Kun et al. implemented an intelligent technology on voice data by taking different considerations like the quality of sleep, anxiety, severity, and fatigue [36]. The Cambridge University researchers have acquired data from the “COVID-19 sounds” applications, and Mellon University research scientists have been obtained data from the “COVID-19” application. This preliminary study yielded 378 components and 256 audio files for feature analysis, according to the authors. These 256 audio sound features were gathered from approximately fifty COVID-19 infected patients. In this work, the poly signals with a sampling frequency rate of 0.016MHz have been converted for two acoustic sound feature sets.

3.1.1 Collection of human respiratory COVID-19 sounds

The Cambridge University researchers gathered around 25,000 samples from an android-based application and 45,000 samples from a web-based application. The researchers have collected around 6000 and 5000 samples from various countries. Approximately about 325 users reported COVID-19 positivity from both datasets. The Android app collects multiple samples from different users. It creates redundant information and vast data, and further work will eliminate this to improve performance. They gathered and analyzed basic details (historical and contemporary health records, age, and gender) and three different audio respiratory data (speech sound, cough sound, breath sound) from distinctive uses through web-based and android-based applications. In this classification, the most widely accepted symptoms to identify COVID-19 disease are dry cough and sore throat while coughing. Surprisingly, the most normal observed symptoms are wet-cough, dry-cough, as well as loss of smell, and tightness of the chest being the most widely known mixed symptom. These symptoms will match with information obtained from the respiratory COVID-19 disease monitor.

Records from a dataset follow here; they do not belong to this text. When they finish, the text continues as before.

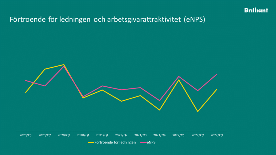 Men det är just diskussionerna och arbetet med resultaten som driver utvecklingen, inte själva undersökningen. Mellan mätningarna stöttar vi på Brilliant löpande chefer, grupper och hela organisationer att ta sig mot nya mål. Det är i det arbetet magin uppstår.
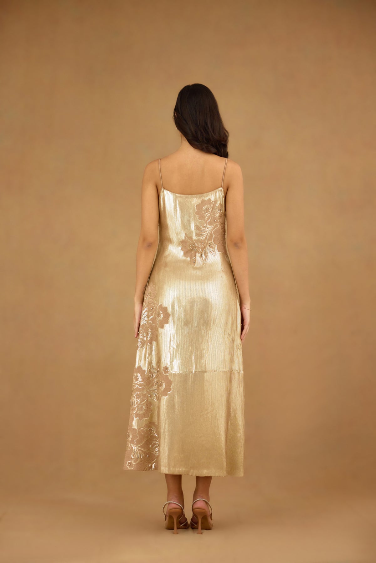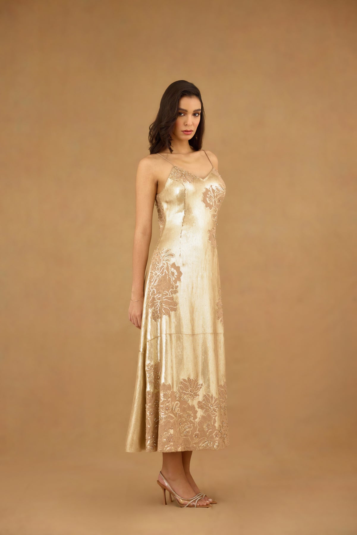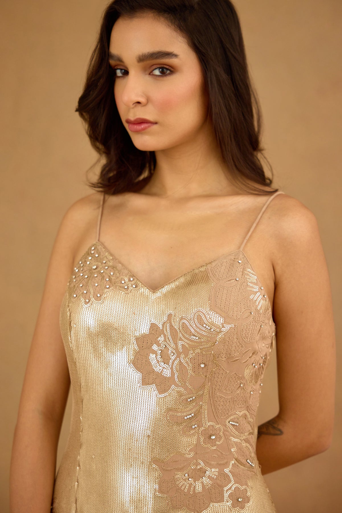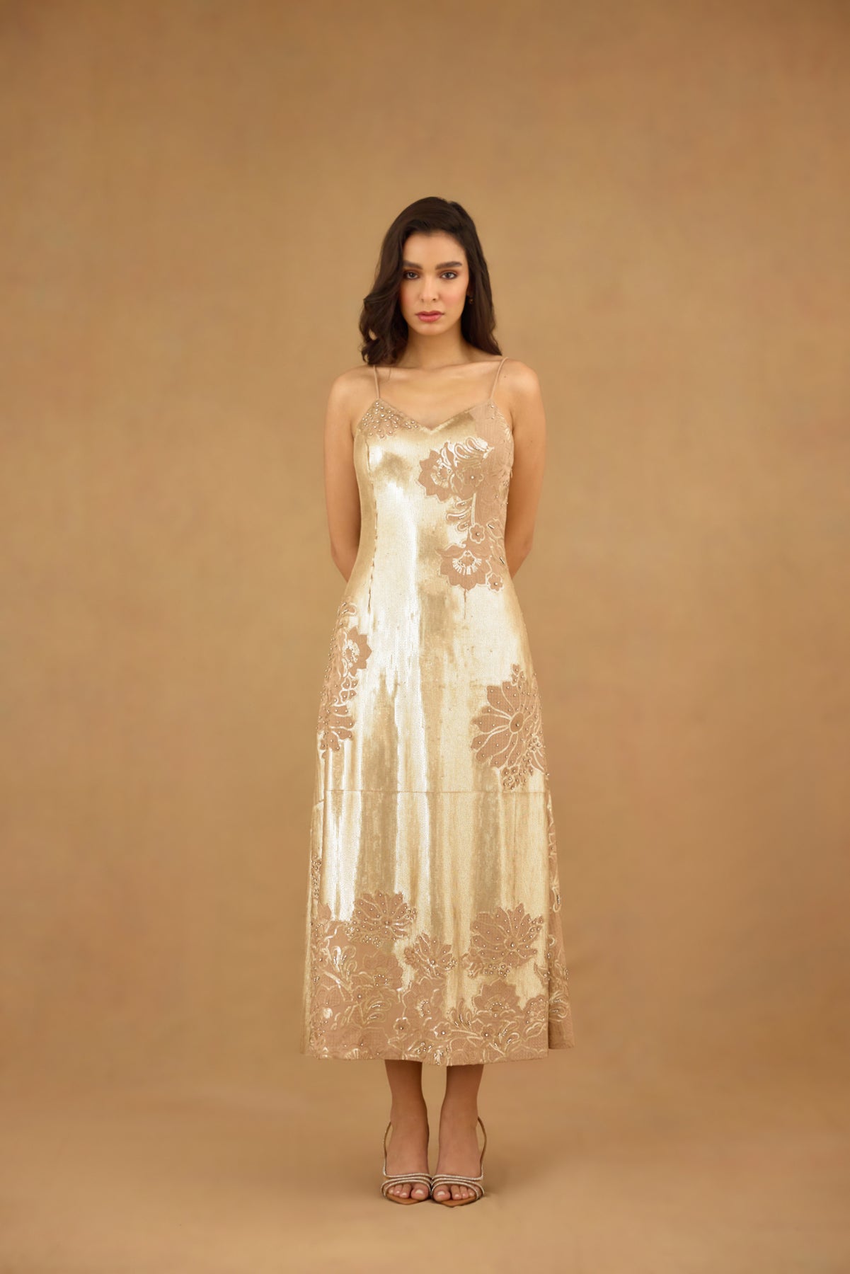 This golden sequin embroidered maxi dress features a sophisticated spaghetti strap design enhanced with intricate floral embroidery and delicate hand embellishments. Crafted for women seeking refined elegance, it offers a graceful silhouette that effortlessly captures light for a radiant look. Ideal for formal occasions, this dress blends artistry with timeless glamour.
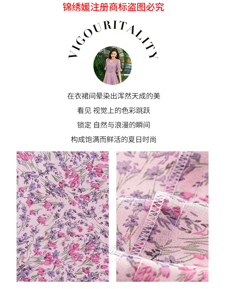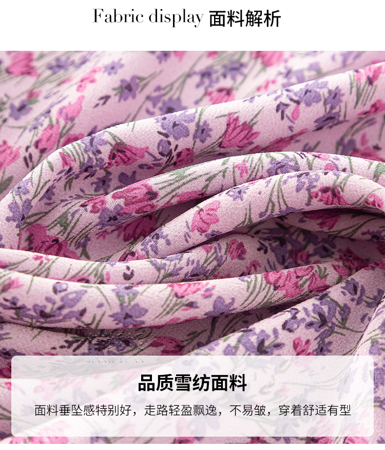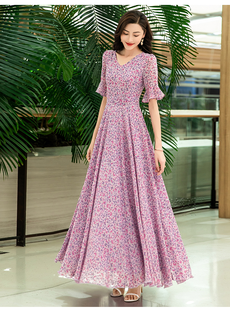 紫色碎花連衣裙女夏長款2023新款高端氣質收腰碎花雪紡長裙到腳踝
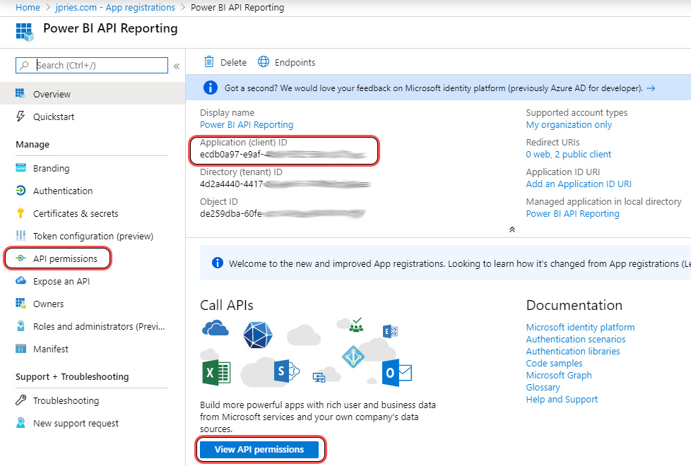 Within your registration, click on View API permissions either on the left menu or bottom button. Also note that your Application Client ID used in your application is visible at the top of the page.
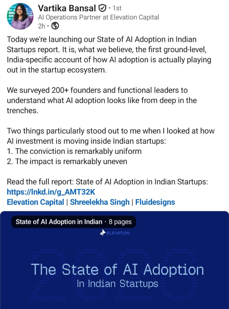 We surveyed 200+ startup leaders across early-stage Indian startups to understand how AI adoption is actually playing out on the ground. What our data reveals is an ecosystem firmly past the point of no return on AI.
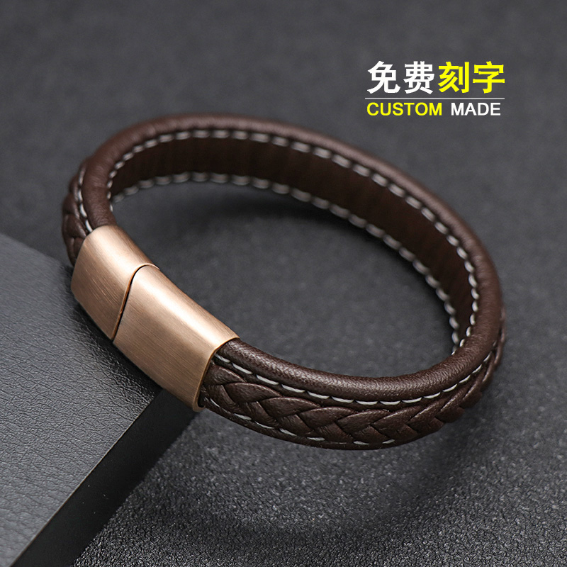 欧美复古棕色皮绳手镯简约百搭潮人男女手链手环磨砂哑光钛钢刻字
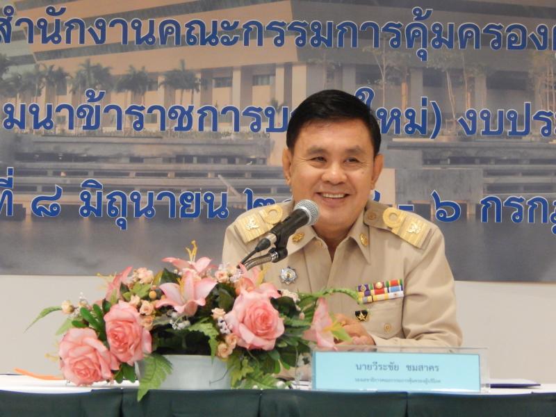 วันที่ 8 มิถุนายน 2558 นายวีระชัย ชมสาคร รองเลขาธิการคณะกรรมการคุ้มครองผู้บริโภค กล่าวให้โอวาท ข้าราชการและพนักงานราชการบรรจุใหม่ พร้อมบรรยายพิเศษ "ปรัชญาการเป็นข้าราชการ” ในโครงการการอบรมสัมมนาร่วมกัน "หลักสูตรการเป็นข้าราชการที่ดี” ของ สคบ. ระหว่างวันที่ 8 มิถุนายน – 6 กรกฎาคม 2558 (ระยะเวลา 21 วัน) ณ ห้องประชุม BM-5-02 ชั้น 5 สคบ.
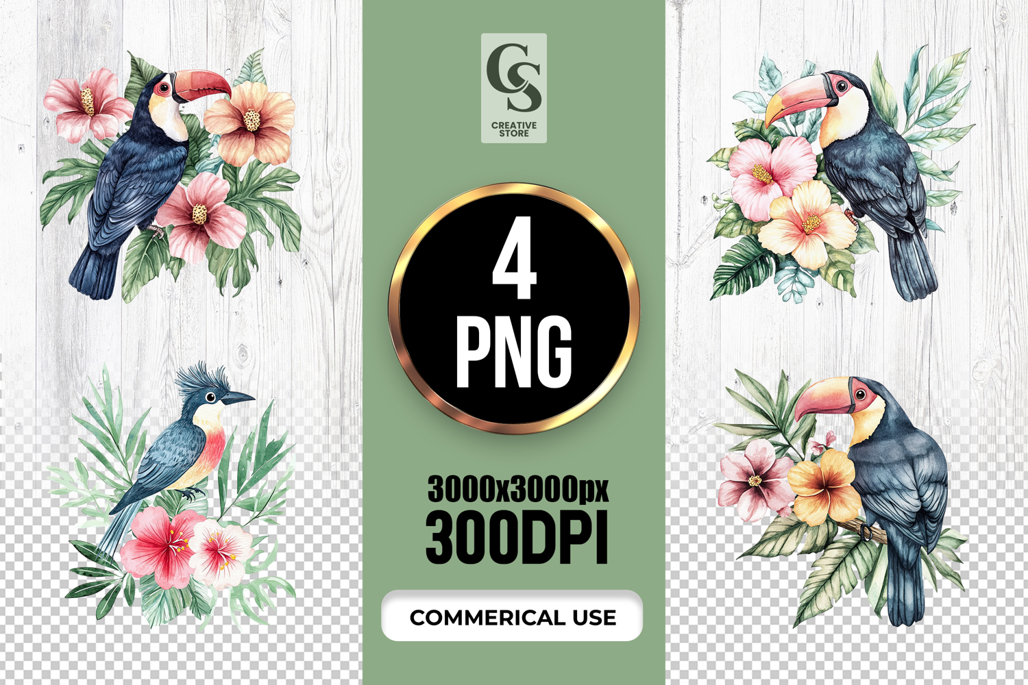 4 Watercolor Tropical Toucan Clipart Sublimation PNG Files Perfect for Greeting Cards, Invitations, Junk Journal, Party Decor, Scrapbooking and many other craft projects.
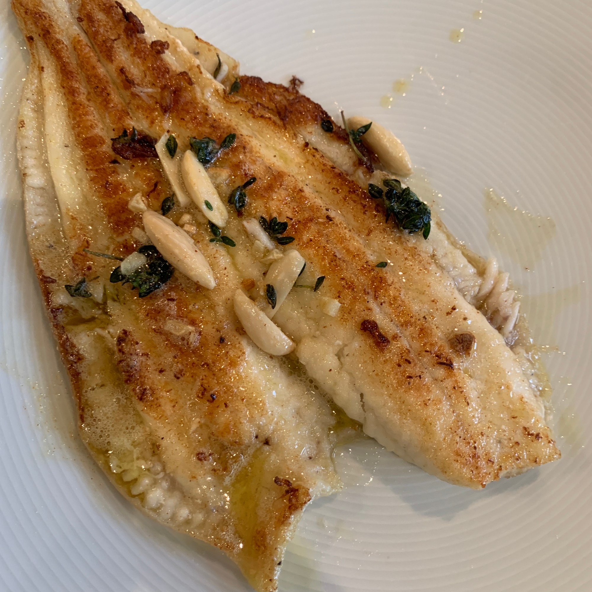 - Carefully turn them over and add the herb mixture from one of the bowls, moving it around so that the almonds and garlic begin to colour. Cook for a further 2 minutes. Remove the plaice from the pan and pour over the herb/butter mixture, keep warm.
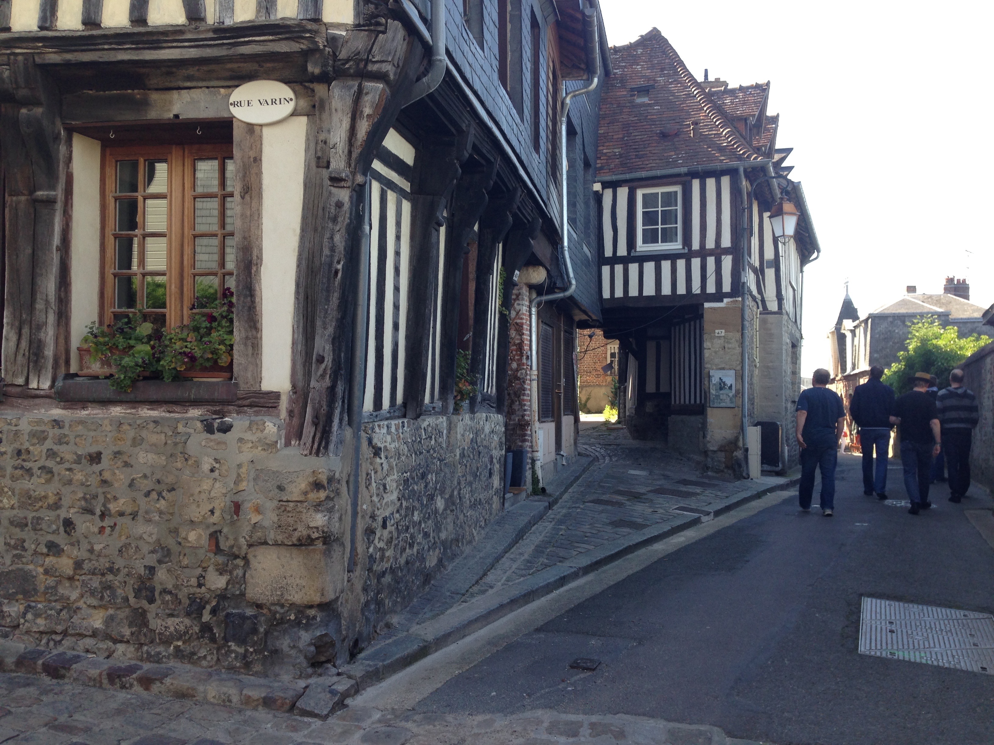 The journey continues and they arrive at the Channel Tunnel Port. It was a swift crossing in the tunnel, only taking 25 mins. On the tunnel train, Chris is practising his French and recalls some schoolboy stuff. "If anyone asks you how old you are, the answer is 'J'ai onze ans'" he announces proudly. Stuart mis-hears, but then folds up on realising that means 'I am 11'. Appropriate for the time but points out it is an adjustable statement... From the tunnel it's then a drive along the A26 to Agincourt for a nosy round, it being an important historical battle site. The Group mill about, miss the Visitor Centre and the battlefield somehow. After that, they are coming out of Azincourt and a little lost. Mark is map reading and looking around at his surroundings. I think this place is Carrefour he says (without thinking), as he had seen a sign which was clearly advertising the famous supermarket chain. Having inspected the 'monument' they then leave Agincourt for good and head for Honfleur, their base for the holiday.
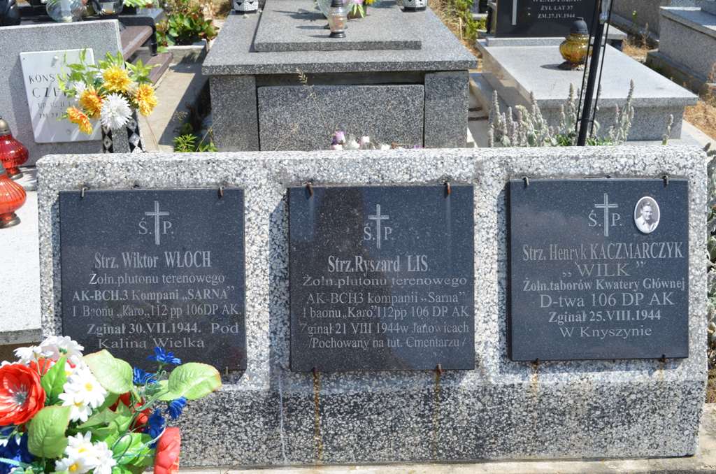 – obramowanie nr 3: „Ś.†P./ Strz. Henryk KACZMARCZYK/ „WILK”/ Żołn. Taborów Kwatery Głównej/ D-twa 106 DP AK/ Zginął 25.VIII.1944/ W Knyszynie”, „Ś.†P./ Strz. Ryszard LIS/ Żołn. plutonu terenowego/ AK BCH 3 kompanii „Sarna”/ I baonu „Karo” 112 pp 106 DP AK/ zginął 21 VIII 1944 w Janowicach/ Pochowany na tut. Cmentarzu”, „Ś.†P./ Strz. Wiktor WŁOCH/ Żołn. plutonu terenowego/ AK-BCH.3 Kompanii „SARNA”/ I Baonu „Karo,, 112 pp 106 DP AK/ Zginął 30.VII.1944. Pod/ Kaliną Wielką”;
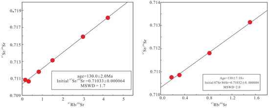 The Rb and Sr concentrations and isotopic compositions of the six samples from Qinxi are shown in Table 5. The isochronous lines were constructed from different mineral combinations between single minerals and paragenetic minerals so that the isochronous ages of single minerals and symbiotic minerals could be constrained to each other, thus improving the accuracy of the isochron lines and obtaining relatively accurate metallogenic ages [39]. The Rb–Sr isochronic line obtained in our study shows a good linear relationship (Figure 8). The ISOPLOT package software was used to calculate the isochron ages. Mineral galena and sphalerite had an Rb–Sr isochron age of 130 ± 2.0 Ma (Figure 8a), with an initial ISr = 0.71033 and MSWD = 1.7. The single mineral galenas had an Rb–Sr isochronal age of 130 ± 7.1 Ma (Figure 8b), with ISr = 0. 71032 and MSWD = 2.0, indicating the same isochron age for both galena and sphalerite within the margin of error.
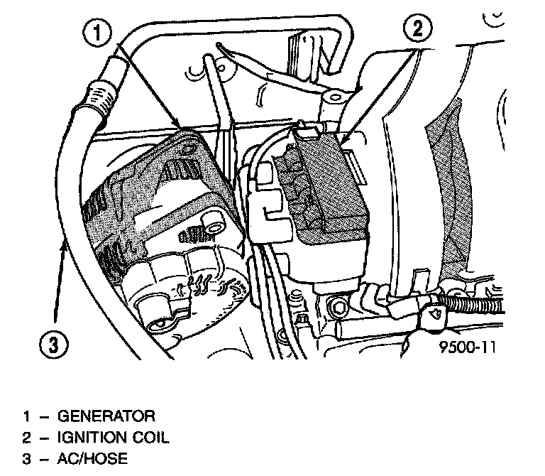 5. Remove bolt holding top of generator mount bracket to engine air intake plenum.

The truth is that the human respiratory cough sound is one of the commonly identified symptoms of a respiratory disease like COVID-19 ads to the case for using respiratory sound as the distinct symptom of the human being. Nonetheless, it is a common symptom of a variety of many other diseases. As a result, the light-weight CNN network model is used to identify and diagnose respiratory COVID-19 disease based on all of these symptoms.

3.2 Feature extraction method representation

The model have been developed with two feature extraction methods such as MMFCC (Modified Multi-frequency Cepstral Coefficients) and EGFCC (Enhanced Gamma-tone Frequency Cepstral Coefficients) to extract in-depth features from human respiratory sound data (breathing sounds, cough sounds, and voice sounds) [37, 38]. The system model compared with extracted deep features according to the system metrics. The light-weight CNN gives distinct features and similar features for efficiently identifying respiratory sound acoustic signals by incorporating different Signal Processing (SP) methods to gather various types of feature attributes. The EGFCC method gives transient respiratory audio sound features, while MMFCC serves as the base for extracting in-depth features in this work. We have compared the light-weight CNN model with EGFCC features and MMFCC deep features concerning the model performance.

3.2.1 Enhanced Gamma-tone filter bank implementation

The Gammatone frequency filter banks are indeed a group of cochlear modeling filter banks [39, 40]. A Gammatone filter bank frequency selection is very close to the characteristics of an average human ear filter. It can depict the components of various actions in the Gammatone filter banks. A gammatone determines the sampling frequency rate of a Gammatone filter and a sinusoidal sound, the primary frequency of that is ‘\(f_{c}\)’, which can be depicted as Eq.  (1).

$$\begin{aligned} g\left( x \right) =\left( Ax^{n-1} \right) \cdot e^{2\pi Bx}\cos {\left( 2\pi f_{c}x\, +\varphi \right) }, \end{aligned}$$
(1)

where B is the bandwidth (\(B=\, ERB\left( f_{c} \right) +1.019)\), amplitude gain is A, core frequency is \(f_{c}\), the order of the filter depends on n value, and \(\varphi \) is the shift-phase value. We built the model with a fourth-order filter because the fourth-order gamma-tone frequency filter is similar to the features that are being used to represent the human respiratory sound auditory filters [20].

The model has created by setting the order of a filter bank as four because the fourth-order Gamma-tone filter banks are identical to the features that are being used to represent human respiratory sound auditory filters [20]. The ERB is just a frequency modulation index that indicates the frequency spectrum band of the human respiratory sound acoustic filter range at each point along the cochlea. The cubic band-pass frequency filters are used to define human standard hearing frequency bandwidth, which is a very unrealistic and correct simplified representation of cubic modeling prediction. The acoustic frequency filters bandwidth is the frequency band value of an Equivalent Rectangular Bandwidth (ERB) primarily focused at frequency f, and the relation between the f and ERB is the particular scale factor as shown in Eq.  (2).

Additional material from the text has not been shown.